Tuesday, 24 May 2016

components - What exactly gets "worn out" and damaged by heat?


It's quite common knowledge that heat is bad for electronics. That constantly high temperature decreases the expected lifetime of computer parts even if they are not overheating per se.



If, for example, there's dust insulating a component in a PC, "cutting it off" from the usual airflow. What is it that experiences higher "wear" on higher temperatures? I've seen liquid capacitors mentioned as parts failing faster the higher their operating temperture is, because of pressure building and resulting leaking. Is that correct? But surely, there are many things else? Could you name some?



Answer



There are really two different types of temperature stress, cyclying and sustained heat.


Just about any part is susceptible to failure from large number of temperature cycles. Each different type of material in a part expands and contracts at different rates. Of course packages are designed to accomodate this, and materials are chosen or specifically formulated for common thermal expansion responses, but stresses occur nonetheless. Eventually those stresses being applied back and forth enough times will break something.

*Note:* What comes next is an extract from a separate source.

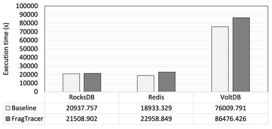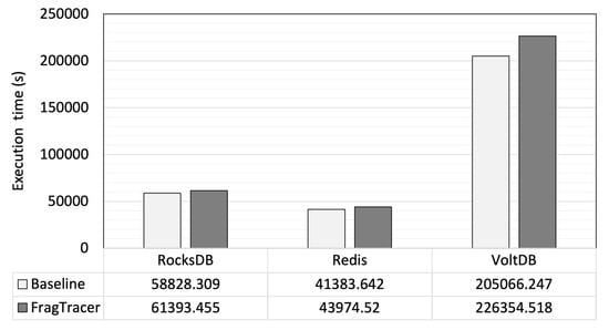 Figure 7 shows the total execution time when workload-F is executed on different databases, respectively. As shown in Figure 7, RocksDB and Redis show a similar execution time whether FragTracer runs or not; FragTracer includes only a 2% runtime overhead compared with the baseline. The results are interesting in that FragTracer indeed uses the hardware resources (e.g., CPU, memory, and I/O block) for monitoring the ratio of fragmentation and generating it in graphical form. Meanwhile, VoltDB shows a larger overhead than other database applications. In VoltDB, the FragTracer increases the runtime by 21% compared with the baseline. We believe that it is a reasonable overhead, in that FragTracer shows the ratio of fragmentation with ease and that it can sometimes be utilized for analyzing the performance issue on the filesystem.

Sustained heat is different. Silicon stops being a semiconductor, and silicon transistors therefore stop working, at around 150°C. Heating a IC to that temperature won't directly hurt it, other than it won't work as intended. However, that "not working as intended" could include excessive currents, which then cause more heat. Eventually something melts and the part is irreversibly damaged. Some chips, like modern processors, have such high density that failing to get rid of the heat for even a few seconds from the die can cause something to melt. Consider the size of a high end processor die compared to the end of a soldering iron, and then consider that there can be 10s of Watts dumped into the die, and that the soldering iron gets to solder-melting temperatures at that same power level. Getting rid of heat is a major issue with such chips. That is why they come with integrated heat sinks and fans nowadays. Take off the heat sink and fan, and your processor is toast in short order. Or, it shuts itself down to protect itself. Either way, your PC isn't going to run.


Electrolytic capacitors are different from most other electronic components in that they inherently go bad over time. Heat accelerates this. Running a electrolytic cap at 100°C, even without cycling, will degrade it much more rapidly than at 50°C.